== Exercise data ==

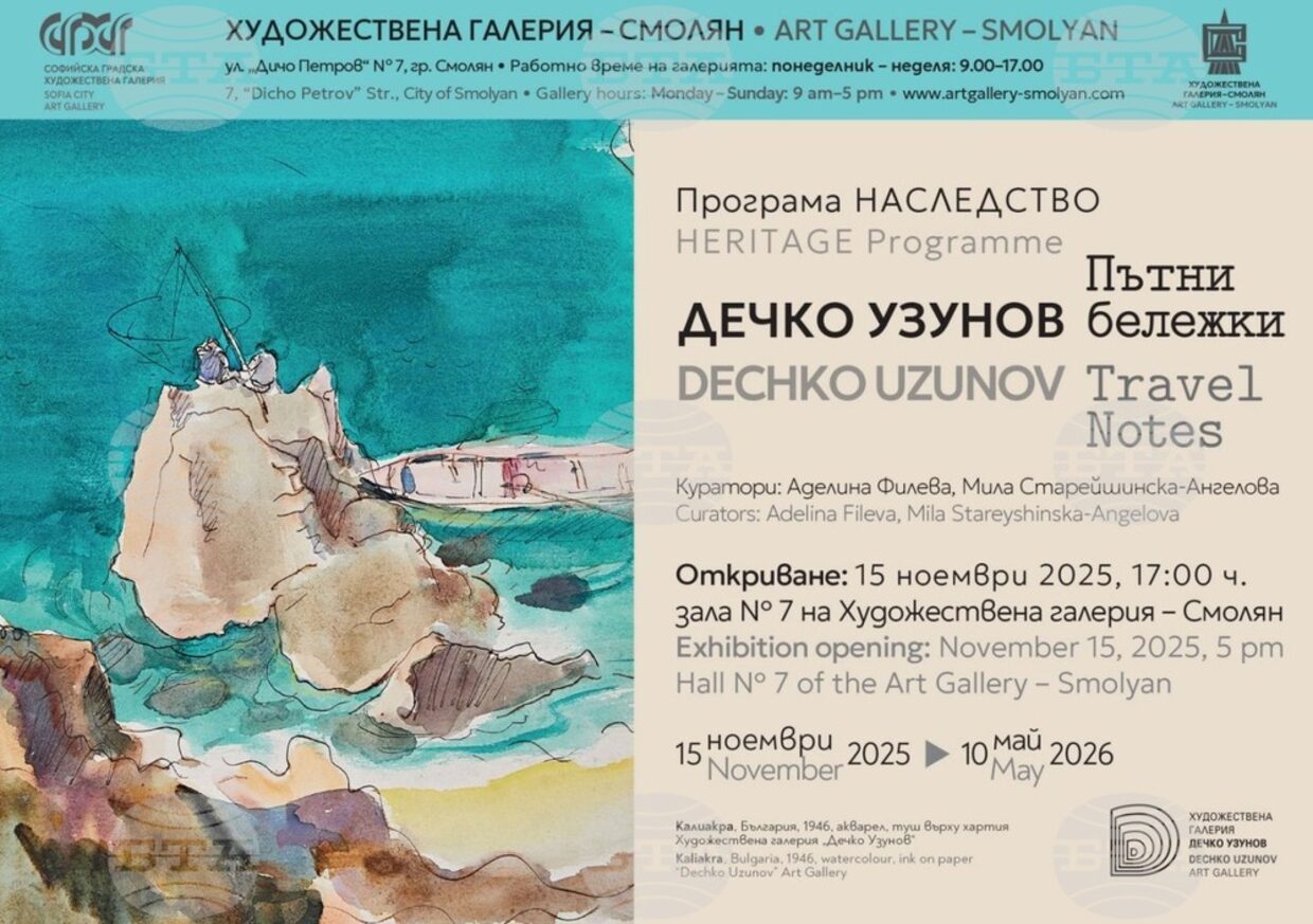 В Художествената галерия в Смолян на 15 ноември от 17:00 часа ще бъде открита изложбата „Дечко Узунов. Пътни бележки“, съобщиха от институцията. Експозицията е посветена на 125-годишнината от рождението на големия български художник и е част от поредицата инициативи на Софийската градска художествена галерия, подготвени за юбилея през 2024 г.
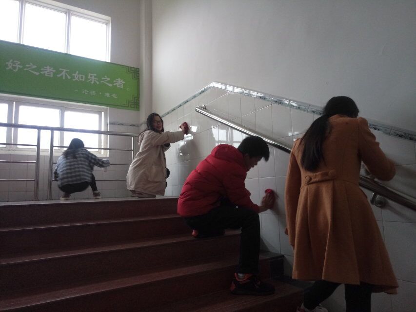 活动开始,事先分好的各组成员在组长的带领下马上投入到义务清扫的工作当中,有的弯腰擦着脚边的瓷砖,有的挥舞扫帚在清扫宣传栏和门框上的灰尘,还有的不嫌脏臭认真地将窗台内外收拾干净。整个生物楼都弥漫着“学雷锋”志愿者们的火热激情,院楼的老师和领导们也都在为志愿者们的行为点头赞扬。
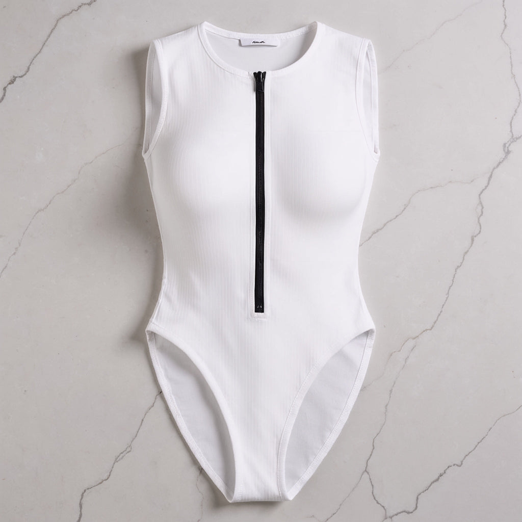 - Details: ribbed fabric, round neckline, sleeveless, short matte black front zipper, slim fit, clean finishing, secure snap button and velcro closure at the crotch
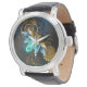 Uhr, Vintage Männeruhr mit schwarzem Lederarmband
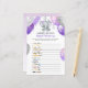 Ce jeu de baby shower amusant présente un bébé éléphant violet et gris avec des ballons et des confettis. Vos invités peuvent résoudre les comptines en décodant les émoticônes. Clé des émoticônes : 1. Hey Diddle Diddle 2. Twinkle Twinkle Little Star 3. Itsy Bitsy Spider 4. Cinq petits singes sautent sur le lit 5. Hickory Dickory Dock 6. Le vieux MacDonald avait une ferme 7. Hush Little Baby 8. Rub-a-Dub-Dub 9. Little Miss Muffet 10. Un, deux, boucle ma chaussure 11. Jack et Jill 12. Ramez, ramez, ramez votre bateau 13. Il était une vieille femme 14. Star Light Star Bright 15. Baa, Baa, mouton noir

===

Where an entry holds an image, drop the image and copy the remaining text exactly.

 В Художествената галерия в Смолян на 15 ноември от 17:00 часа ще бъде открита изложбата „Дечко Узунов. Пътни бележки“, съобщиха от институцията. Експозицията е посветена на 125-годишнината от рождението на големия български художник и е част от поредицата инициативи на Софийската градска художествена галерия, подготвени за юбилея през 2024 г.
 活动开始,事先分好的各组成员在组长的带领下马上投入到义务清扫的工作当中,有的弯腰擦着脚边的瓷砖,有的挥舞扫帚在清扫宣传栏和门框上的灰尘,还有的不嫌脏臭认真地将窗台内外收拾干净。整个生物楼都弥漫着“学雷锋”志愿者们的火热激情,院楼的老师和领导们也都在为志愿者们的行为点头赞扬。
 - Details: ribbed fabric, round neckline, sleeveless, short matte black front zipper, slim fit, clean finishing, secure snap button and velcro closure at the crotch
 Uhr, Vintage Männeruhr mit schwarzem Lederarmband
 Ce jeu de baby shower amusant présente un bébé éléphant violet et gris avec des ballons et des confettis. Vos invités peuvent résoudre les comptines en décodant les émoticônes. Clé des émoticônes : 1. Hey Diddle Diddle 2. Twinkle Twinkle Little Star 3. Itsy Bitsy Spider 4. Cinq petits singes sautent sur le lit 5. Hickory Dickory Dock 6. Le vieux MacDonald avait une ferme 7. Hush Little Baby 8. Rub-a-Dub-Dub 9. Little Miss Muffet 10. Un, deux, boucle ma chaussure 11. Jack et Jill 12. Ramez, ramez, ramez votre bateau 13. Il était une vieille femme 14. Star Light Star Bright 15. Baa, Baa, mouton noir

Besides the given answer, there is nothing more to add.